Copyright 2011 American Medical Association. All Rights Reserved. Applicable FARS/DFARS Restrictions Apply to Government Use.2011

Arch Dermatol. 2011;147(2):186. doi:10.1001/archdermatol.2010.432

The study by Holterhues et al reveals differences in how women and men respond to their melanoma diagnosis. This may represent a practice gap for dermatologists who do not modify their counseling strategies to meet sex-specific patient needs. The study revealed that while both sexes demonstrated an impact of the melanoma diagnosis on HRQoL, the impact on women was more extreme in both positive and negative directions. Additional questions also revealed that the melanoma diagnosis in women had a greater impact on outside activities (vacations and occupations), concern regarding the effects of sun exposure on themselves and their children, and shade-seeking behavior.

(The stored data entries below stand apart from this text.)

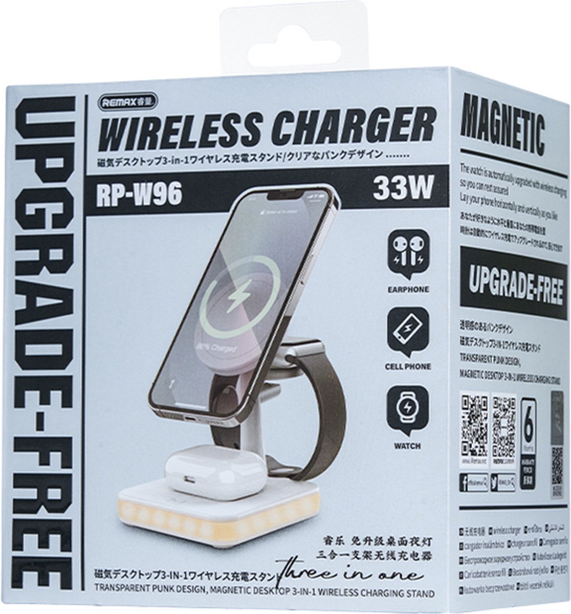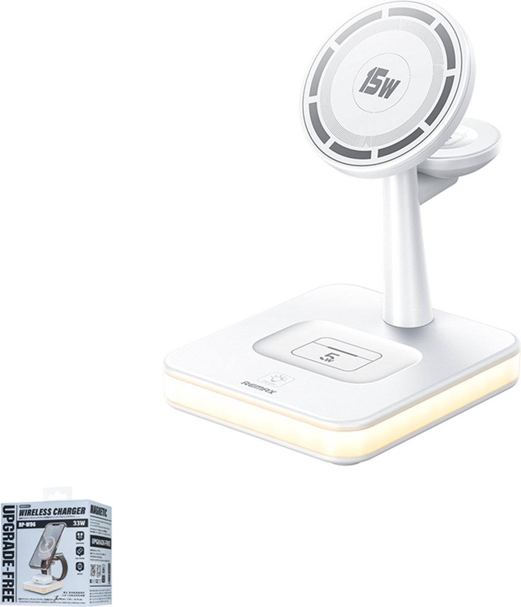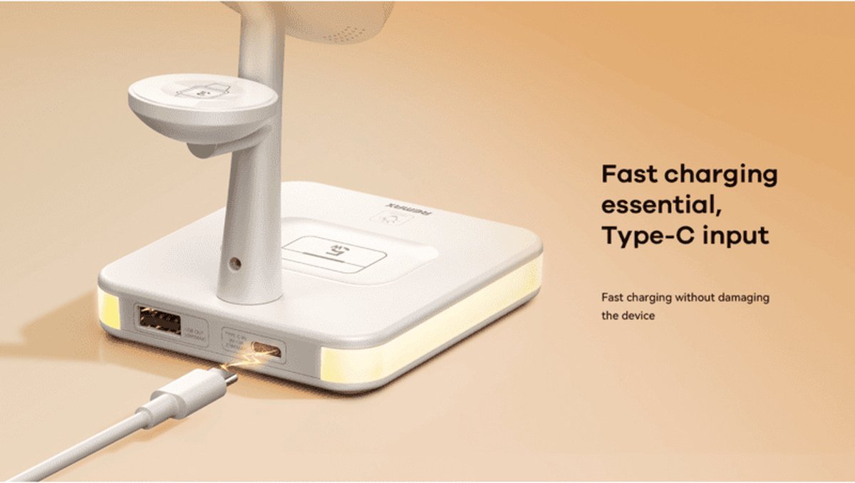 Geniet van de snelheid van snel draadloos opladen van 15 W, op maat gemaakt voor uw Apple iPhone, waardoor lange wachttijden worden geëlimineerd. Deze multifunctionele oplader ondersteunt op harmonieuze wijze uw hele Apple-ecosysteem en levert 2 W opladen voor uw Apple Watch en 3 W opladen voor uw Apple AirPods. Met een USB-C-voedingsingang en een extra USB-uitgang is dit de alles-in-één oplaadoplossing waar je op hebt gewacht.
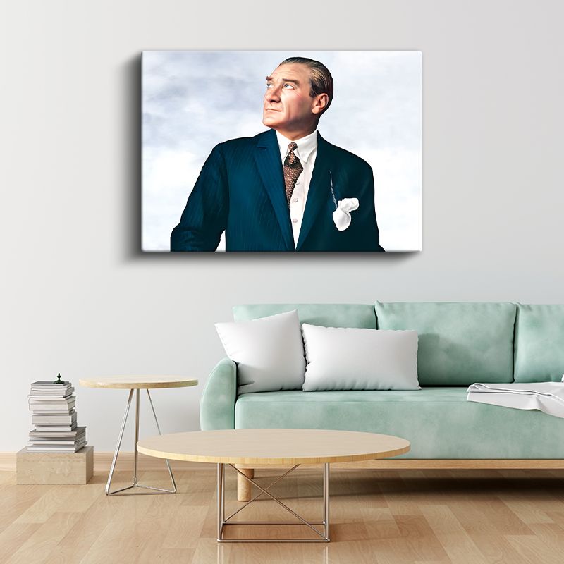 Yukarı Bakan Atatürk - Mavi Takım Elbiseli Kanvas Tablo
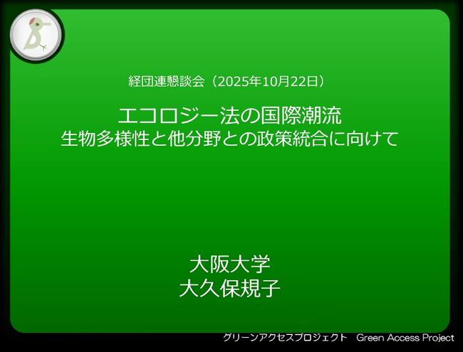 当日は、大阪大学大学院法学研究科の大久保規子(おおくぼ・のりこ)教授より「エコロジー法の国際潮流~生物多様性と他分野との政策統合に向けて~」と題してご説明をいただきました。大久保教授は、近年の国際的な潮流として、人間中心主義から生態系中心主義への転換があり、南米などの一部の地域においては、従来の人間を中心とした環境法から、生態系を中心に置いた政策統合をすべきであるとしたエコロジー法への進展の動きが見られる、と説明されました。そして、より漸進的なアプローチとして、持続可能な発展原則の法制化があり、ウェールズでの将来世代ウエルビーング法を制定、また、国連では「将来世代に関する国連システム共通原則」において、将来の世代に焦点を当てるということは、人類だけに焦点を当てるということではなく、生物多様性と天然資源を保護し、プラネタリー・バウンダリーを尊重する持続可能な発展に努める責任があるとしている、と発言されました。加えて、日本における生物多様性と他分野との政策統合に向けては、①基本法の改革、②持続可能性アセスメント・戦略的環境アセスメント等の評価制度の導入、③政策評価制度の改革、④予算・補助金の仕組みの改革、⑤生態系・自然を基礎とする機関の活用、⑥公益訴訟の活用等が論点となるとの見通しを示されました。
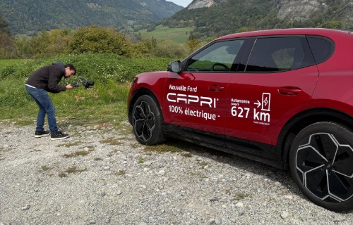 Passons maintenant à la conduite. Le modèle présenté ici est le Ford Capri Pack Premium Extended Range, équipé d’un moteur de 340 chevaux. Il offre une autonomie pouvant atteindre 560 km, variable bien sûr selon différents facteurs. Dans des conditions optimales, il est tout à fait envisageable de relier Chambéry à Perpignan avec une seule charge.
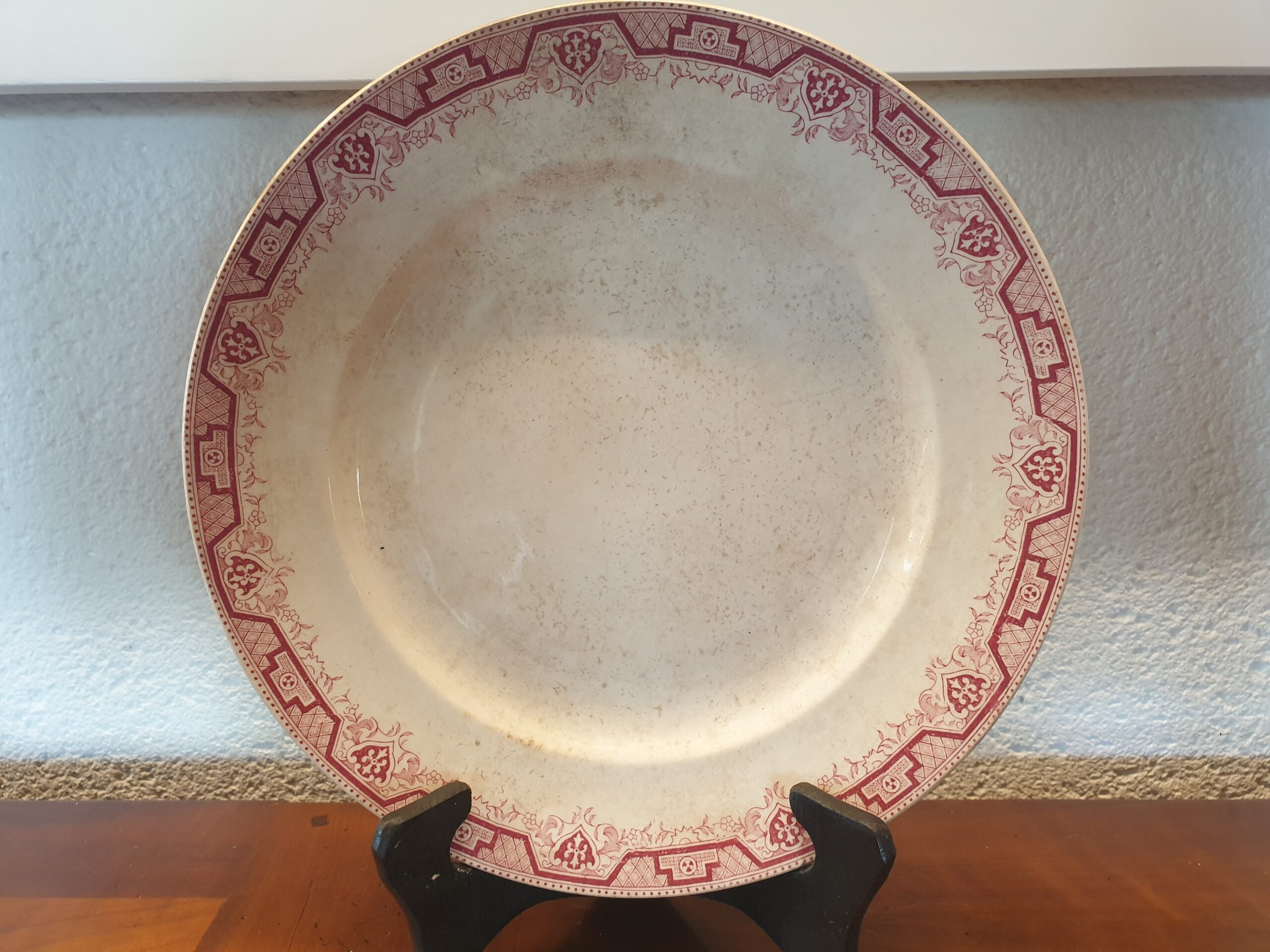 Les créations de la faïencerie St Amand sont particulièrement appréciées des amateurs de vaisselle ancienne. Ce plat, avec son décor géométrique unique, constitue un véritable trésor pour les passionnés d’arts de la table et de faïence française.
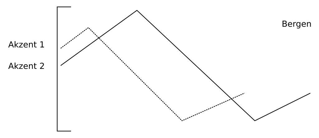 Keywords: Accent 1 and accent 2 in Bergen.de.svg Describes pitch height of accent 1 and accent 2 in bisyllabic words in Bergen Norway Helge Sandøy Talemål Novus Forlag Oslo 1993 ISBN 82-7099-206-2; p 126 2007-08-19 MaEr Norwegian language Phonetics
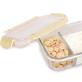 Vyrobena z odolného skla a pevného plastu, víko se čtyřmi klipsy a silikonovým těsněním zajistí hermetické uzavření, které chrání potraviny před vzduchem a vlhkostí, a tím prodlužuje jejich čerstvost.
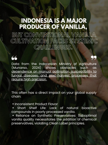 Indonesia is a major producer of vanilla, but conventional vanilla cultivation faces systemic challenges. Data from the Indonesian Ministry of Agriculture (Munarso, 2024) shows obstacles such as dependence on manual pollination, susceptibility to fungal diseases, and post-harvest processes that require high precision. This often has a direct impact on your global supply chain:

The core reason for this patient outcome gap between men and women is unclear but may be due to differences in melanoma education. While health care practitioners may be the primary source of education, the differences could be due to alternative sources of information (ie, Web sites, social network) and the extent to which these sources are sought and used. The differences may also be related to the way male and female patients interpret and apply melanoma information. Given that melanoma clinical care is currently not modified based on sex, these data suggest that a practice gap may exist in our current care protocols.